DOI https://doi.org/10.2147/LRA.S133946

Checked for plagiarism Yes

Review by Single anonymous peer review

Peer reviewer comments 2

Editor who approved publication: Dr Stefan Wirz



Demeke Yilkal Fentie, Endale Gebreegziabher Gebremedhn, Zewditu Abdissa Denu, Amare Hailekiros Gebreegzi

Department of Anesthesia, School of Medicine, Gondar College of Medicine and Health Sciences, University of Gondar, Gondar, Ethiopia

Background: Cholecystectomy can be associated with considerable postoperative pain. While the benefits of paravertebral block (PVB) on pain after thoracotomy and mastectomy have been demonstrated, not enough investigations on the effects of PVB on pain after open cholecystectomy have been conducted. We tested the hypothesis that a single-injection thoracic PVB reduces pain scores, decreases opioid consumption, and prolongs analgesic request time after cholecystectomy.
Methods: Of 52 patients recruited, 50 completed the study. They were randomly allocated into two groups: the paravertebral group and the control group. The outcome measures were the severity of pain measured on numeric pain rating scale, total opioid consumption, and first analgesic request time during the first postoperative 24 hours.
Result: The main outcomes recorded during 24 hours after surgery were Numerical Rating Scale (NRS) pain scores (NRS, 0–10), cumulative opioid consumption, and the first analgesic request time. Twenty four hours after surgery, NRS at rest was 4 (3–6) vs 5 (5–7) and at movement 4 (4–7) vs 6 (5–7.5) for the PVB and control groups, respectively.
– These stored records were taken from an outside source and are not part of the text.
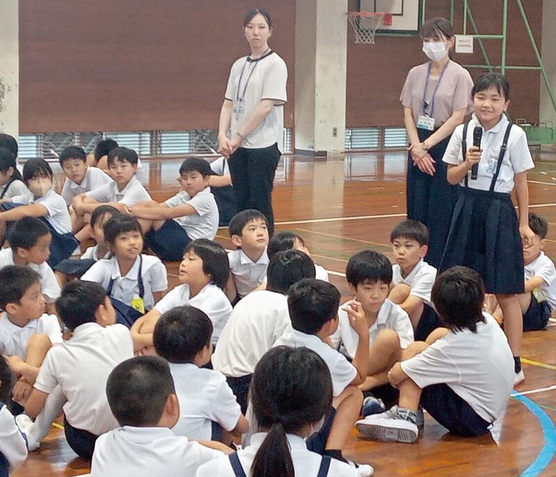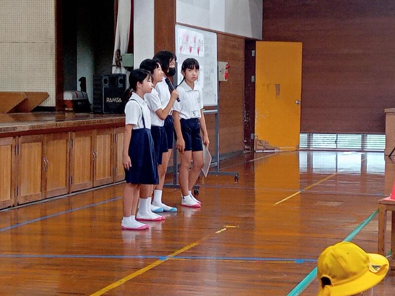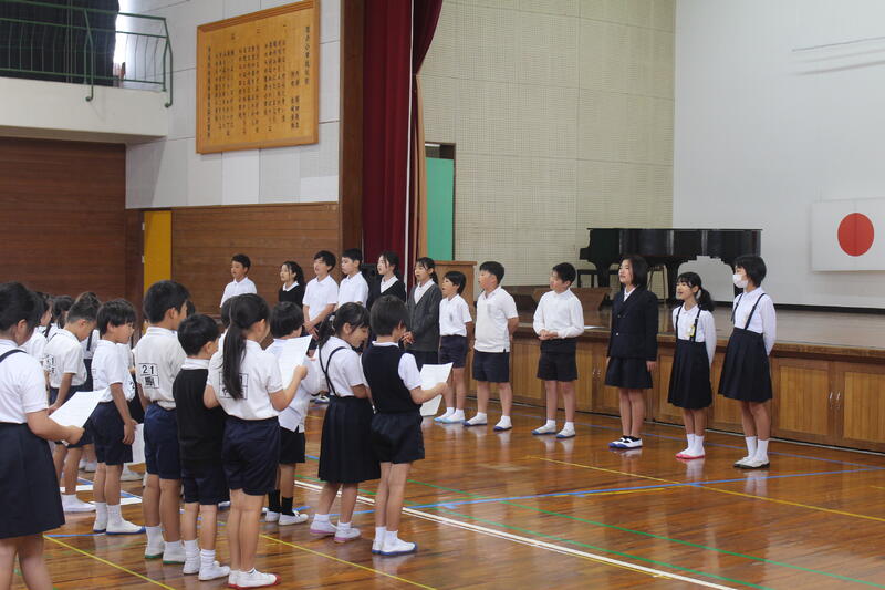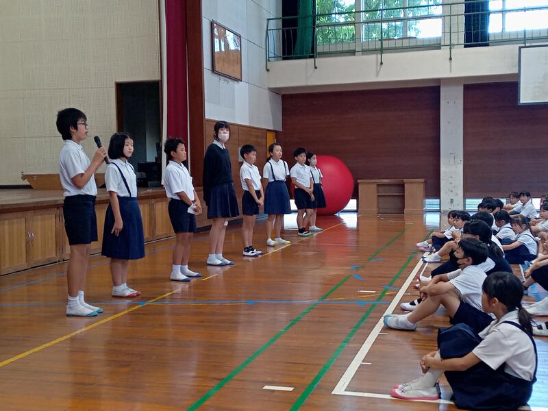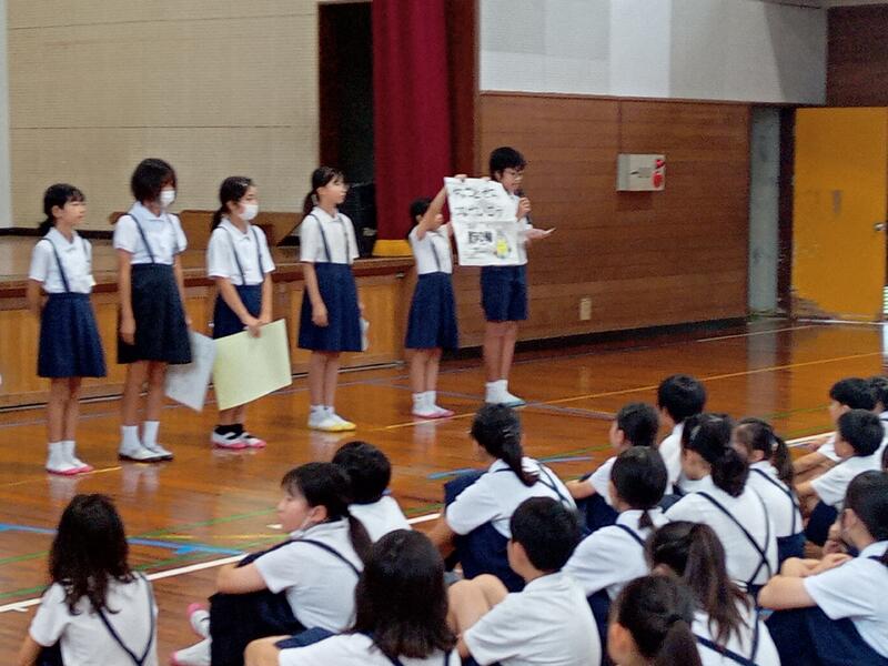 9月18日(水)の児童集会は、放送委員会の発表がありました。「今月の歌」に関するクイズがありました。本校では、毎朝始業時間に「今月の歌」を流し、クラス毎に歌っているので、多くの児童が答えることができました。また、この日は、運営委員会より、今取り組んでいる「地域へのあいさつ運動」について、よくできている登校班の紹介もありました。
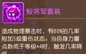 套装效果:造成暴击时,有概率造成5级重伤。5级重伤降低50%治疗效果、且每回合持续损失等级*5气血,相当于持续3回合的高固伤。降低受治疗效果,也相当于
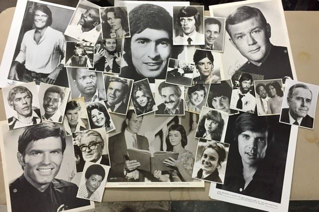 An autographed collection (~41) of black and white and color photos of television hosts, award winning stars and landmarks ca. 1970-1980. This collection also includes memorable and personal wallet sized photos. The actors are Ellen Burstyn, Glen Campbell, Jill Clayburgh, Richard Chamberlain, James Coburn, Olivia Cole, Robert Conrad (autographed), Billy Davis Jr. and Marilyn McCoo from the musical group The Fifth Dimension, actor and host John Davidson, Henry Fonda, Louis Gossett Jr. , Jane Fonda, Rock Hudson, Jim Hutton, Diane Keaton, Alan King, Michael Learned, Hal Linden, Priscilla Lopez, Mary MacGregor, the stars of Adam-12 are Kent McCord and Martin Milner, Rody McDowell, Walter Pidgeon, Katherine Ross, Rob Reiner, Sidney Poitier from a scene in Let's Do It Again, Michael Sarrazin, David Steinberg, Mel Tillis, Trish Van Devere, Jimmie Walker Linsay Wagner and a publicity photo from the TV show "Good Times." Photos are in fair to good condition with folds, creases, markings, stains and normal wear and tear. Some images include photographic reproduction of the artists original autograph. (approx. 2 x 4 in - 8 x 10 in).
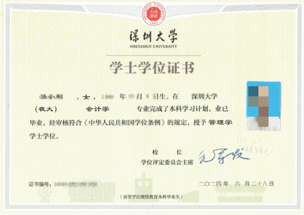 凡被深圳大学正式录取,按规定修完专业教学计划的全部课程且考核合格者,由深圳大学颁发“成人高等教育毕业证书”,毕业证书可在国家教育部指定的“中国高等教育学生信息网(www.chsi.com.cn)”查询,国家承认学历。

The difference between the groups over the whole observation period was statistically significant (P<0.05). Twenty-four hours after surgery, median (25th–75th percentile) cumulative morphine consumption was 0 (0–2) vs 2.5 (2–4) mg (P<0.0001) and cumulative tramadol consumption was 200 (150–250) mg vs 300 (200–350) mg in the paravertebral and in the control group, respectively (P=0.003). After surgery, the median (25th–75th percentile) first analgesic requirement time was prolonged in the PVB group in statistically significant fashion (P<0.0001).
Conclusion and recommendations: Single-shot thoracic PVB as a component of multimodal analgesic regimen provided superior analgesia when compared with the control group up to 24 postoperative hours after cholecystectomy, and we recommend this block for post cholecystectomy pain relief.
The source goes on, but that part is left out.